> WHAT YOU ARE ASKED TO DO: Look at the data below and print exactly the lines from its first line through the line with "Um emoji amarelo"; the pictures stay out of the copy.

_ _ _ _ _ _ _

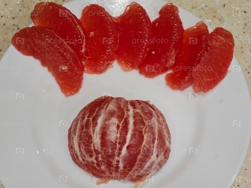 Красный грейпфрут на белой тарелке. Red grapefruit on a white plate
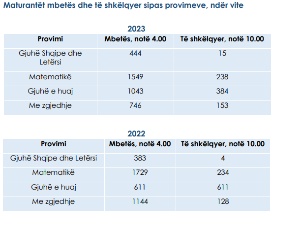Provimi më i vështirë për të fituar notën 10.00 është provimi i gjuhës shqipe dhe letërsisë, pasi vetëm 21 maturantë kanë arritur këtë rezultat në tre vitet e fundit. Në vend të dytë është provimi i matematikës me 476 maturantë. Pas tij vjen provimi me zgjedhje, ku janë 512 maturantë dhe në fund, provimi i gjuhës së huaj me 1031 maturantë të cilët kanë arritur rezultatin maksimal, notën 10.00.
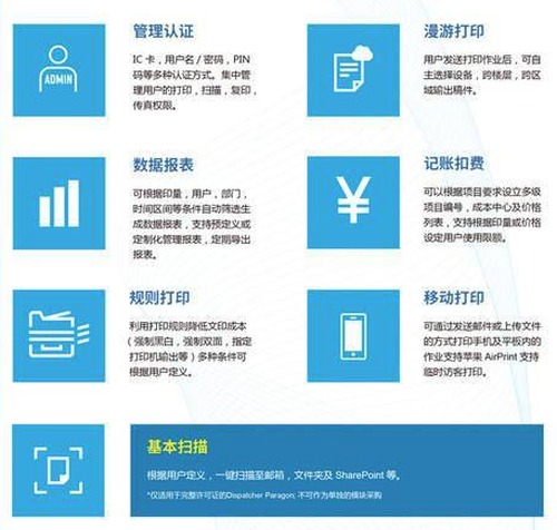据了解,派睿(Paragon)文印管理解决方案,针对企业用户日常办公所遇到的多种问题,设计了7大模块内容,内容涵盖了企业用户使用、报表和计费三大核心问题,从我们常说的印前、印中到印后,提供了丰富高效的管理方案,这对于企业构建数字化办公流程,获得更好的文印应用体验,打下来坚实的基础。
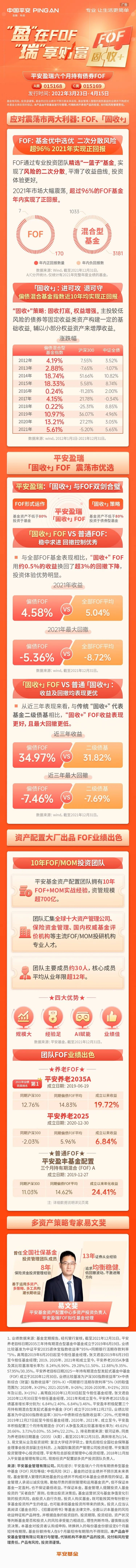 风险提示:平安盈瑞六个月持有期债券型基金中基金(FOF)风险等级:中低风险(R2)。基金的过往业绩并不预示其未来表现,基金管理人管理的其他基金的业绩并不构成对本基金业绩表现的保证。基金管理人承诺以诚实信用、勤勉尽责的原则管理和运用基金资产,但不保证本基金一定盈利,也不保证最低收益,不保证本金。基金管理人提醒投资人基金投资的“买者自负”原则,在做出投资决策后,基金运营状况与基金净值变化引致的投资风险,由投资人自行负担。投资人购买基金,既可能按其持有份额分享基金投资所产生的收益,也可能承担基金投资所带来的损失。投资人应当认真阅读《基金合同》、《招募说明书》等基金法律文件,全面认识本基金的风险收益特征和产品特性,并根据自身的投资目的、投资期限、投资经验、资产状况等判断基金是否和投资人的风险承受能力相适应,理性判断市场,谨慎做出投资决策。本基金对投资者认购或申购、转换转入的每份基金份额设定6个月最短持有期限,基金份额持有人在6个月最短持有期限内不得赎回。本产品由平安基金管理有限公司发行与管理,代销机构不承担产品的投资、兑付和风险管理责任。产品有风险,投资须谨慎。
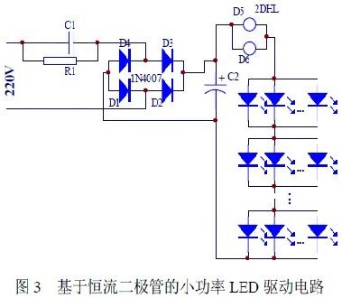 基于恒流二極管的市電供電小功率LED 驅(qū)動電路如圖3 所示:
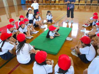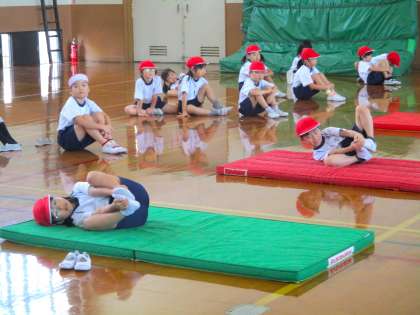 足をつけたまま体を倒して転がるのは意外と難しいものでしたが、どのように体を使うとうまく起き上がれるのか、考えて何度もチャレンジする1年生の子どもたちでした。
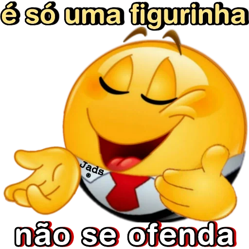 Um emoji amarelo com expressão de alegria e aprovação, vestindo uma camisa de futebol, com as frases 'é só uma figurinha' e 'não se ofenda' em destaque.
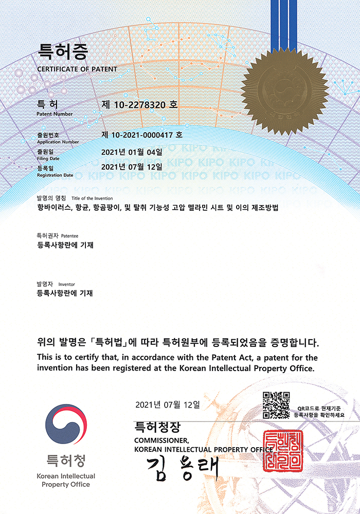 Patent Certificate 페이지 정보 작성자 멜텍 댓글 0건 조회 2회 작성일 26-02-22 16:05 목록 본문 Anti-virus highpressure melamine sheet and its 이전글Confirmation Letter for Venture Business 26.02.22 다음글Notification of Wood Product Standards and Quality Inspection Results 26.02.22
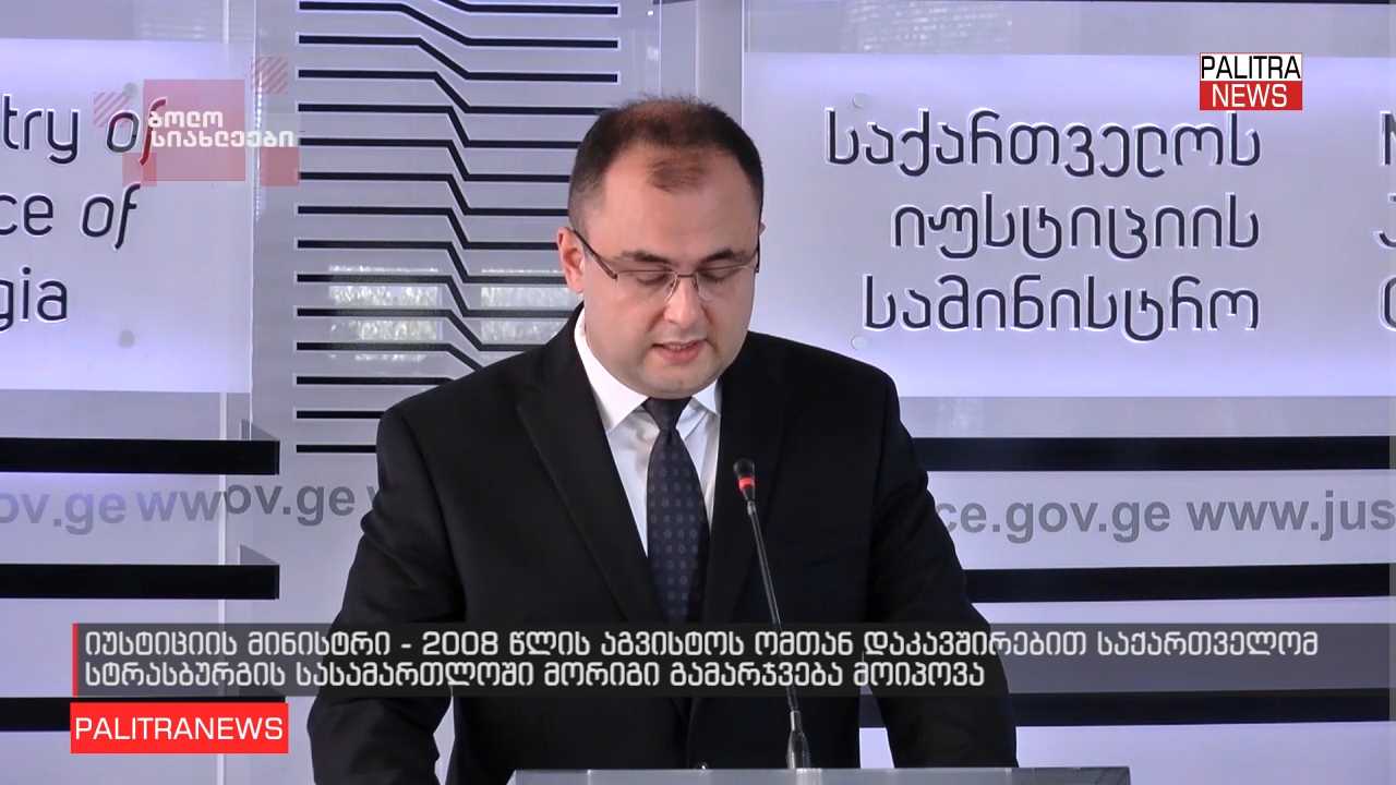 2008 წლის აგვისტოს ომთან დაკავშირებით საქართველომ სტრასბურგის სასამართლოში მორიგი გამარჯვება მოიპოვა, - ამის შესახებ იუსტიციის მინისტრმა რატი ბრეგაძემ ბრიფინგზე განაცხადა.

_ _ _ _ _ _ _

> WRITTEN REPLY:
 Красный грейпфрут на белой тарелке. Red grapefruit on a white plate
Provimi më i vështirë për të fituar notën 10.00 është provimi i gjuhës shqipe dhe letërsisë, pasi vetëm 21 maturantë kanë arritur këtë rezultat në tre vitet e fundit. Në vend të dytë është provimi i matematikës me 476 maturantë. Pas tij vjen provimi me zgjedhje, ku janë 512 maturantë dhe në fund, provimi i gjuhës së huaj me 1031 maturantë të cilët kanë arritur rezultatin maksimal, notën 10.00.
据了解,派睿(Paragon)文印管理解决方案,针对企业用户日常办公所遇到的多种问题,设计了7大模块内容,内容涵盖了企业用户使用、报表和计费三大核心问题,从我们常说的印前、印中到印后,提供了丰富高效的管理方案,这对于企业构建数字化办公流程,获得更好的文印应用体验,打下来坚实的基础。
 风险提示:平安盈瑞六个月持有期债券型基金中基金(FOF)风险等级:中低风险(R2)。基金的过往业绩并不预示其未来表现,基金管理人管理的其他基金的业绩并不构成对本基金业绩表现的保证。基金管理人承诺以诚实信用、勤勉尽责的原则管理和运用基金资产,但不保证本基金一定盈利,也不保证最低收益,不保证本金。基金管理人提醒投资人基金投资的“买者自负”原则,在做出投资决策后,基金运营状况与基金净值变化引致的投资风险,由投资人自行负担。投资人购买基金,既可能按其持有份额分享基金投资所产生的收益,也可能承担基金投资所带来的损失。投资人应当认真阅读《基金合同》、《招募说明书》等基金法律文件,全面认识本基金的风险收益特征和产品特性,并根据自身的投资目的、投资期限、投资经验、资产状况等判断基金是否和投资人的风险承受能力相适应,理性判断市场,谨慎做出投资决策。本基金对投资者认购或申购、转换转入的每份基金份额设定6个月最短持有期限,基金份额持有人在6个月最短持有期限内不得赎回。本产品由平安基金管理有限公司发行与管理,代销机构不承担产品的投资、兑付和风险管理责任。产品有风险,投资须谨慎。
 基于恒流二極管的市電供電小功率LED 驅(qū)動電路如圖3 所示:
 足をつけたまま体を倒して転がるのは意外と難しいものでしたが、どのように体を使うとうまく起き上がれるのか、考えて何度もチャレンジする1年生の子どもたちでした。
 Um emoji amarelo com expressão de alegria e aprovação, vestindo uma camisa de futebol, com as frases 'é só uma figurinha' e 'não se ofenda' em destaque.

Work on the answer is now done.